▶ [Supplied material]:
■ ■ ■

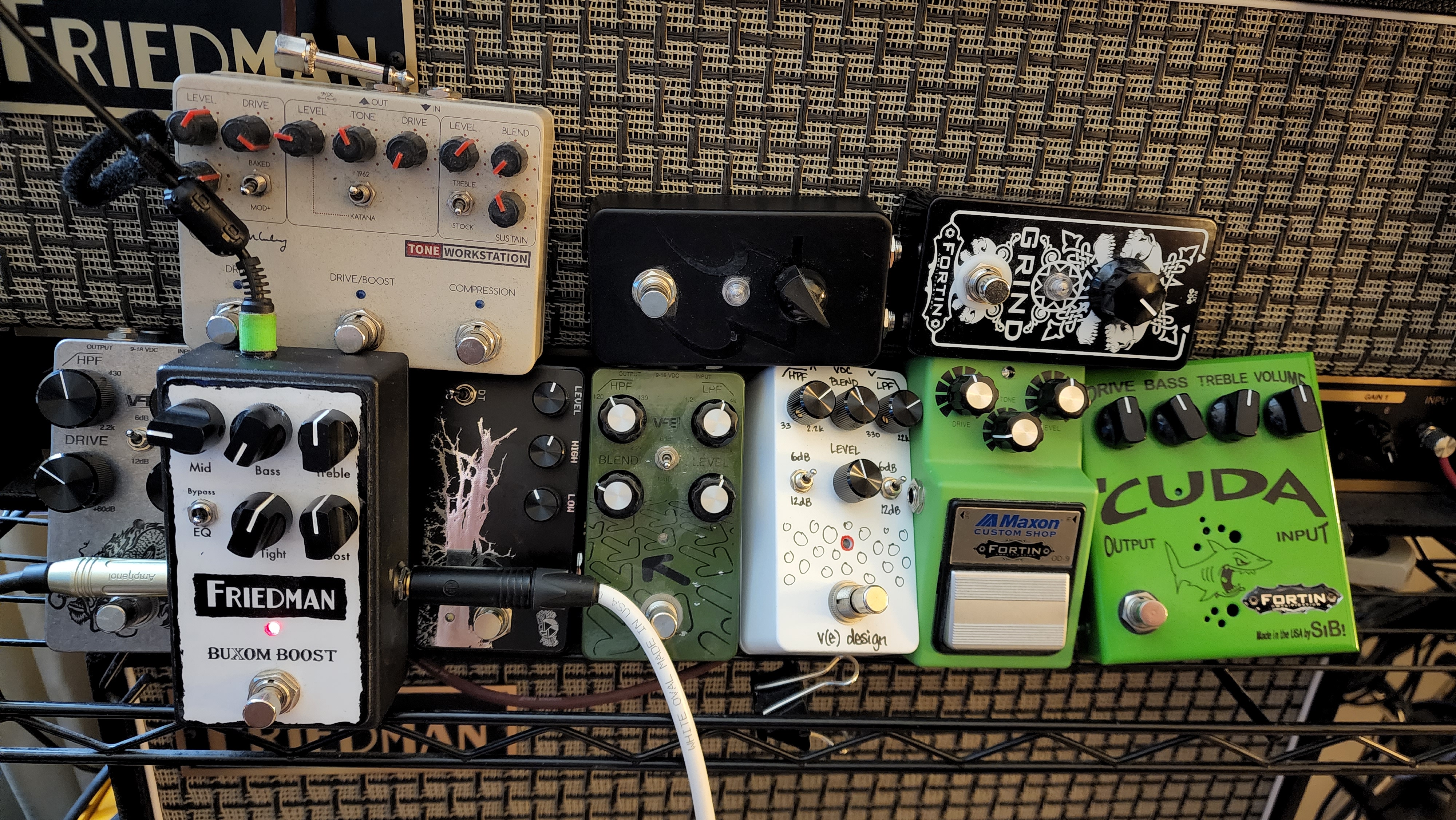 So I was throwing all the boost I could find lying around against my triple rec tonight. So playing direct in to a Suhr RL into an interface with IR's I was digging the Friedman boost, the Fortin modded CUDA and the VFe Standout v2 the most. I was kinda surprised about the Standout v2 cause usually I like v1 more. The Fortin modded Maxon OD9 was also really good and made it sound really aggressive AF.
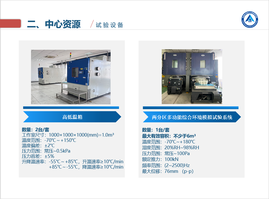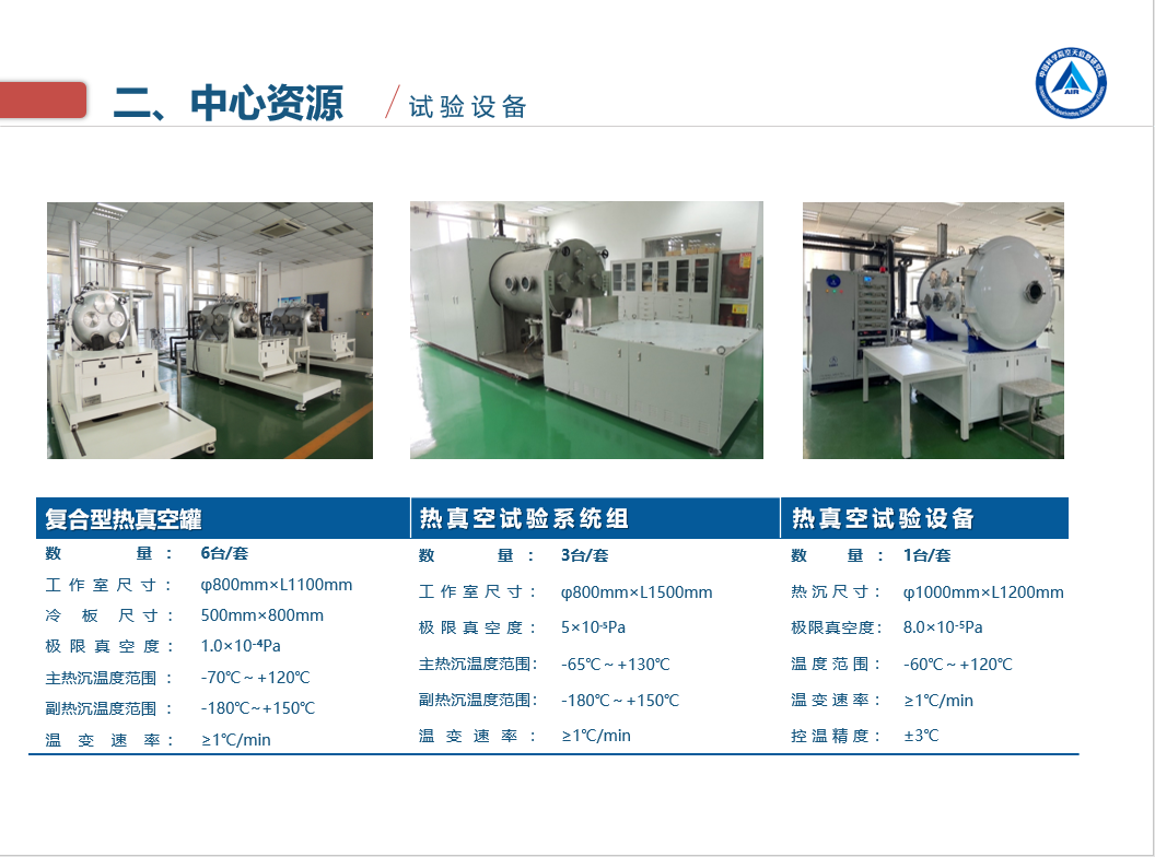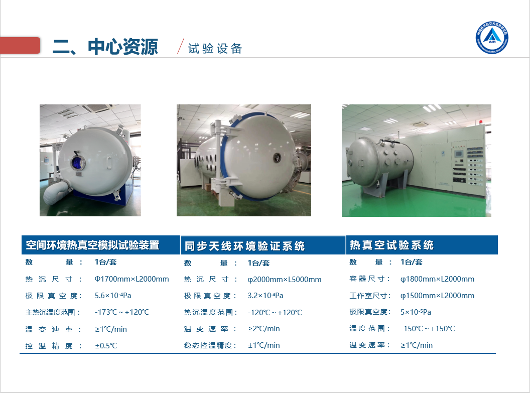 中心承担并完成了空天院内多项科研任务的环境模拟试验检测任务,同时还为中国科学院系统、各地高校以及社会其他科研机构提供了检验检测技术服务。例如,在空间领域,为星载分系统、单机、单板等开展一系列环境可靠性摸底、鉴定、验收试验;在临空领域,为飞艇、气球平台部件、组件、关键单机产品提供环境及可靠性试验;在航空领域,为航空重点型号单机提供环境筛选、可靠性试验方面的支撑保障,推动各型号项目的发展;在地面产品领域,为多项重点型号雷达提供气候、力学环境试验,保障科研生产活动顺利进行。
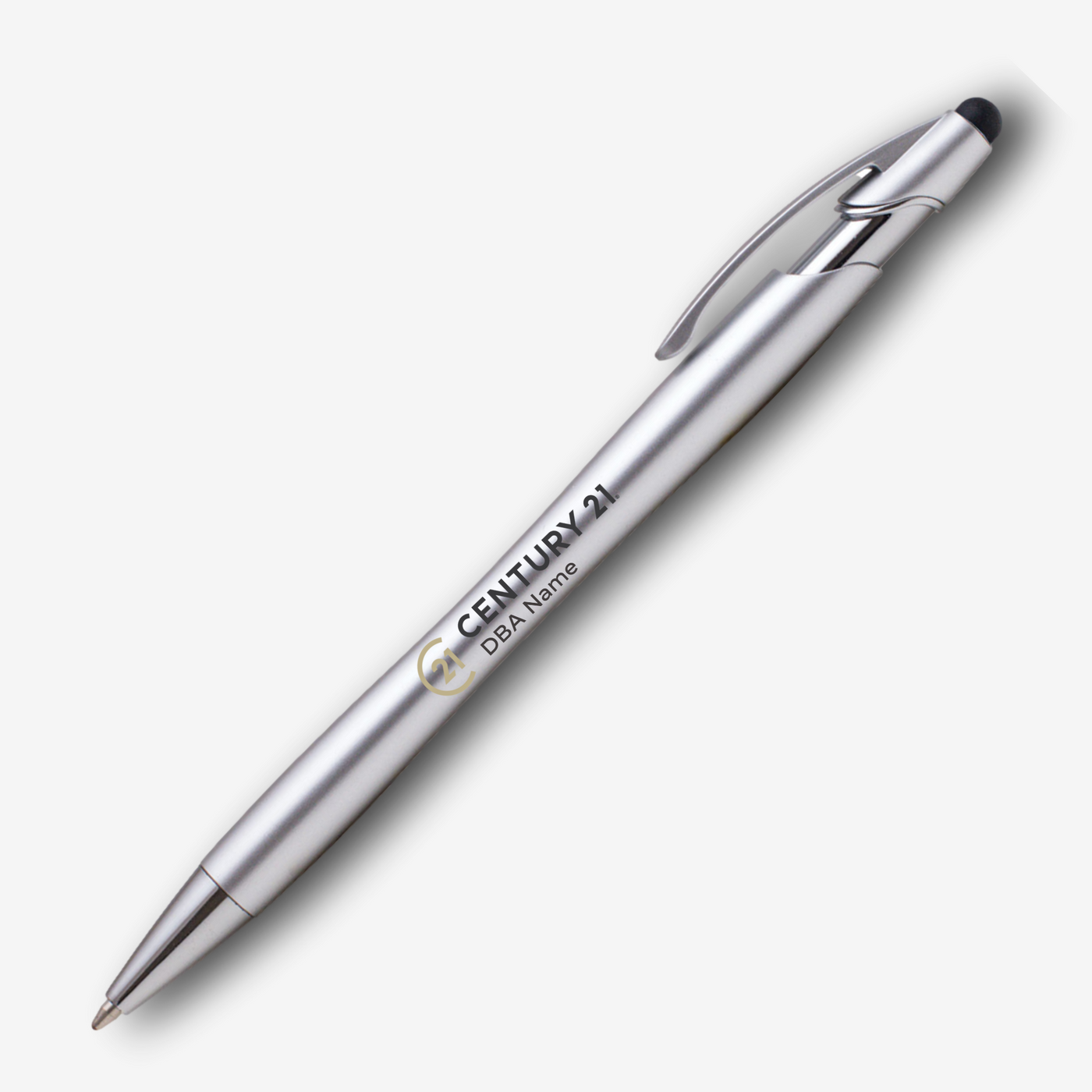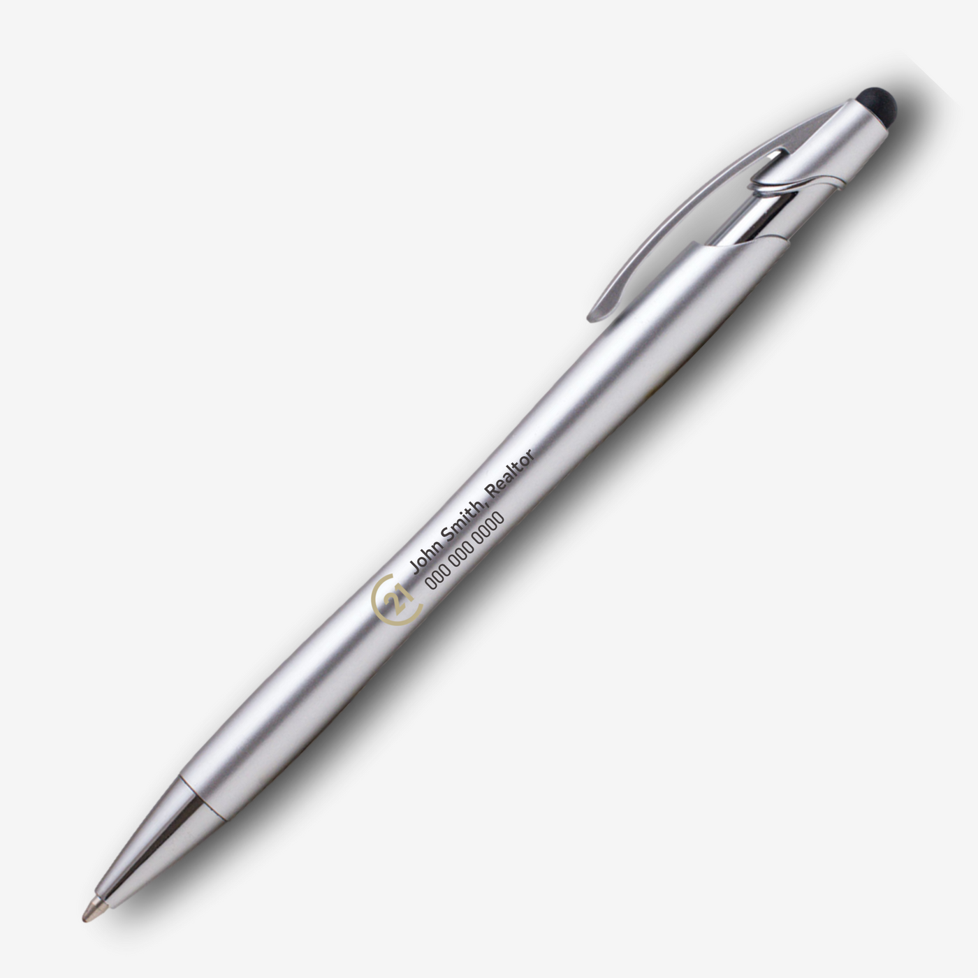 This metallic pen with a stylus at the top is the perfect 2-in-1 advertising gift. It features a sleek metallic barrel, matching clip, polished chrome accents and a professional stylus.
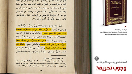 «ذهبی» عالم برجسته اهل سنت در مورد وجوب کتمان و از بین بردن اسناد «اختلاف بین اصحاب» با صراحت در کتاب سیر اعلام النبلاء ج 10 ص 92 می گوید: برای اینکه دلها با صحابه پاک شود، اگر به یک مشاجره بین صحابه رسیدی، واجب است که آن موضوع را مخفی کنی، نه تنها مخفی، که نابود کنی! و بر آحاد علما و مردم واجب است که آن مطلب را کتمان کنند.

■ ■ ■

▶ [Your objective]:
Would you retype exactly the lines running from the line that contains "This metallic pen" through the end of the listing above, both included? Skip every picture.

▶ [Result for this exercise]:
 This metallic pen with a stylus at the top is the perfect 2-in-1 advertising gift. It features a sleek metallic barrel, matching clip, polished chrome accents and a professional stylus.
 «ذهبی» عالم برجسته اهل سنت در مورد وجوب کتمان و از بین بردن اسناد «اختلاف بین اصحاب» با صراحت در کتاب سیر اعلام النبلاء ج 10 ص 92 می گوید: برای اینکه دلها با صحابه پاک شود، اگر به یک مشاجره بین صحابه رسیدی، واجب است که آن موضوع را مخفی کنی، نه تنها مخفی، که نابود کنی! و بر آحاد علما و مردم واجب است که آن مطلب را کتمان کنند.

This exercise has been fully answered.